Выбрать главу

Вера обернулась, беспокойно вглядываясь в темноту. Почему замолчали приборы? Даже мухи замерли, остановив жужжание. Внезапно у дверей, в самом темном углу палаты, ей почудилось слабое, едва уловимое движение.

Молниеносно, прежде чем девушка успела подумать, рука нашла выключатель. Оглушительно щелкнул тумблер. Моргнули, парализуя страхом, и все же вспыхнули флюоресцентные лампы, выхватывая комнату из темноты. Но свет не принес успокоения.

Она была там. В углу. Словно привидение, безотрывно глядела на Веру воспаленными, опухшими, красными глазами. Ночная сорочка в коричневых разводах болталась на её тощем теле. На сером лице выступили скулы, очертились глазницы черепа под тонкой кожей. Голова в кровоточащих проплешинах от вырванных клоков волос, клонилась набок.

По ладоням из-под длинных рукавов струйками текла кровь - тёмная, вязкая. Капая на пол, она собиралась в две блестящие эбонитовые лужи.

Вера боялась пошевелиться. Казалось, моргни, и сумасшедшая бросится, вцепится зубами,   ногтями. И они продолжали смотреть друг на друга - безотрывно, молча.

Медленно склонив голову к другому плечу женщина подняла руки и показала Вере ладони - влажные, липкие, кровавые. Затем взглянула на них сама и выражение её лица словно в замедленной съемке начало меняться, как сминаемый пластилин: брови напряглись, собираясь на переносице, губы выгнулись вниз, она медленно и широко открыла рот, шумно набирая в грудь воздух...

И Вера проснулась, визжа что есть мочи. Молотя руками и ногами, она в страшном испуге скинула с себя одеяло и резко села, оглядываясь по сторонам.

Сквозь окно в палату светило веселое утреннее солнце, горел свет. Вера вскочила и резко, порывисто завертелась, шумно дыша. Потом в два прыжка достигла угла, изучила каждый сантиметр пола. Ни намека на кровь, на разводы от тряпки, ничего. Прислушалась - жужжали лампы, пищали приборы, переговаривались санитары. А Избранная? Сумасшедсшая роженица молчала: ни стука, ни воя, ни скрипа.

«Это просто сон», - сказала себе Вера, - “А чокнутая просто спит...”

Но, на всякий случай, выглянула в квадратное окошечко двери.
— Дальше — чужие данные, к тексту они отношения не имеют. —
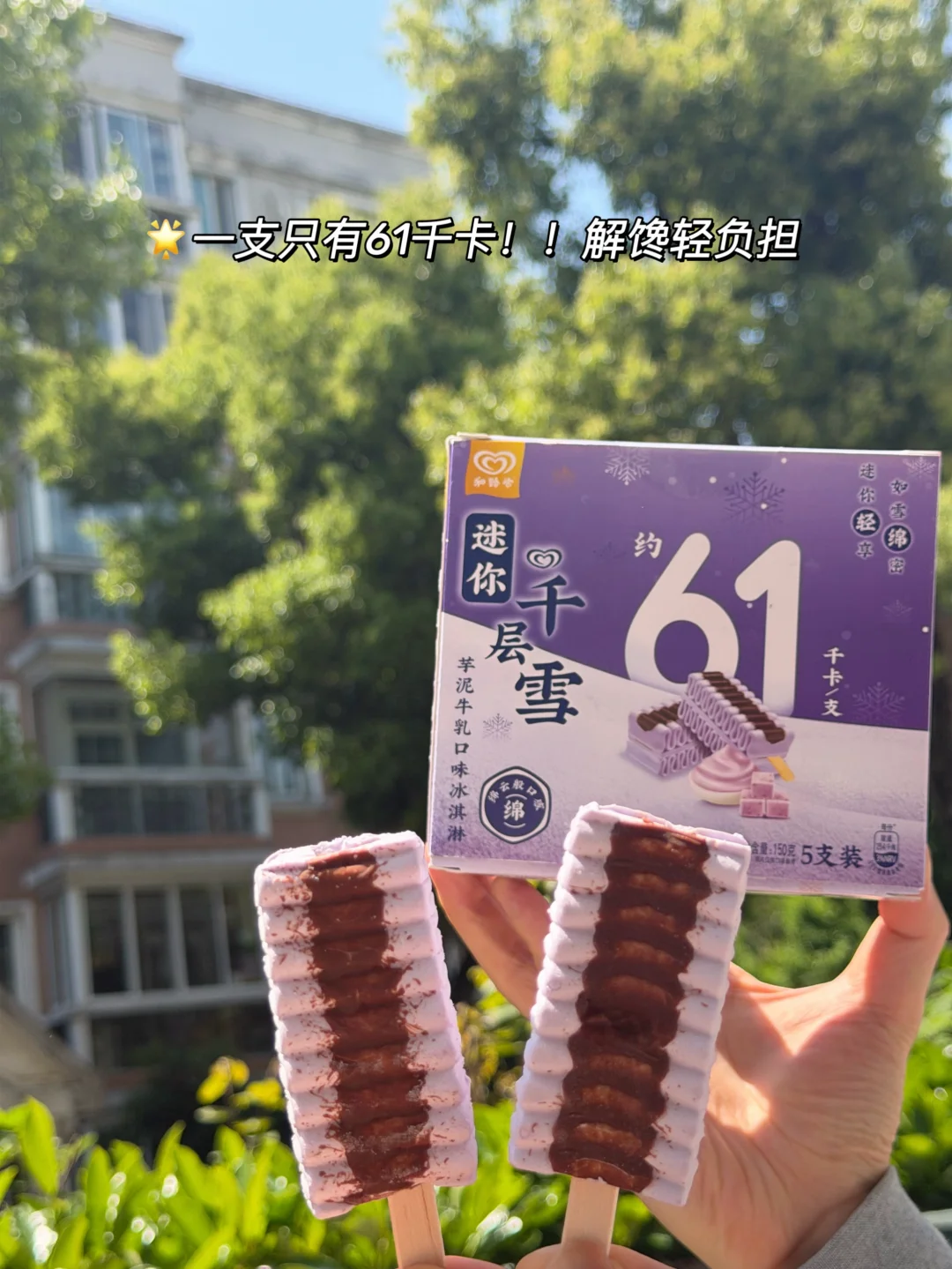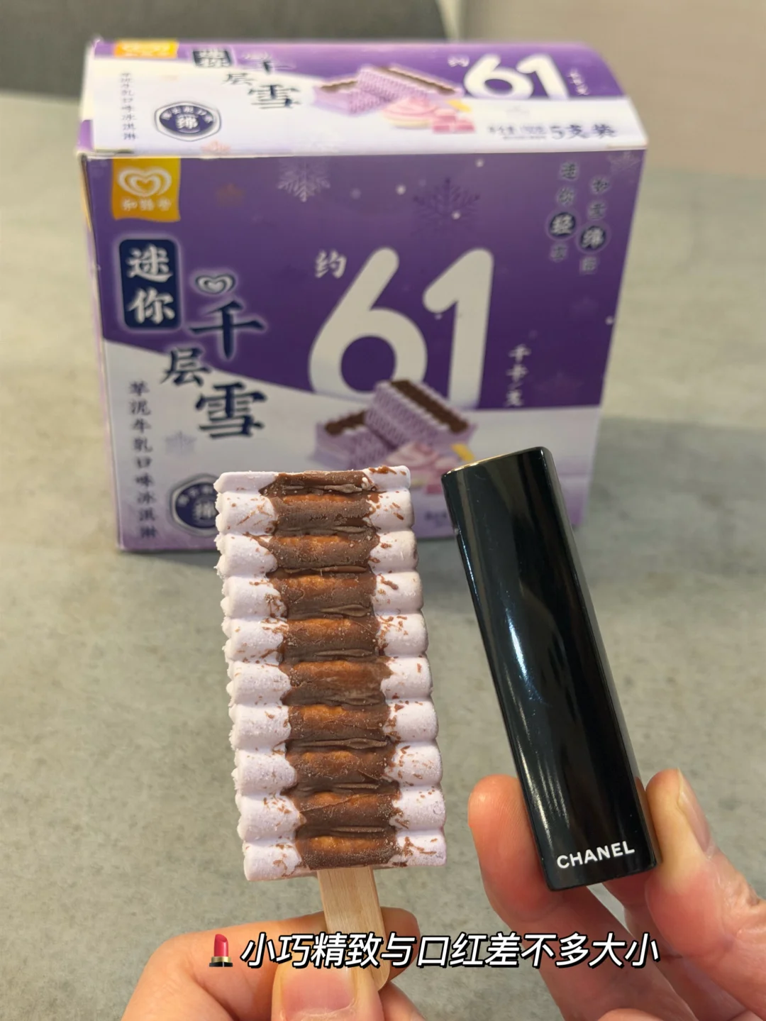 👉迷你千层雪冰淇淋是我的安心选择!迷你尺寸不多不少刚刚好,与口红差不多一般大小,满足口腹之欲的同时也没啥负担,小小一根只有61千卡,除了我最爱的芋泥口味以外,还有香草、巧克力、生椰拿铁这些,满足大家不同的喜好自律的同时还能满足口腹之欲,才能更好地坚持下去!

Как раз в это время из палаты роженицы со страшным лязгом выкатили древнюю каталку. От неожиданности Вера резко отскочила, в один прыжок преодолев полтора метра до кровати. Сердце не успело еще восстановить мерный ритм после увиденного кошмара, а уже вновь выпрыгивало из груди, колотилось с бешеной скоростью, при этом пропуская удары через раз.

“Господи помилуй!” - втянула девушка воздух ноздрями. Потом выдохнула, чуть успокоилась и тихонько подкралась к дверному окошку, охваченная необъяснимой манией преследования. Она осторожно, одним глазком выглянула в смотровое окошко.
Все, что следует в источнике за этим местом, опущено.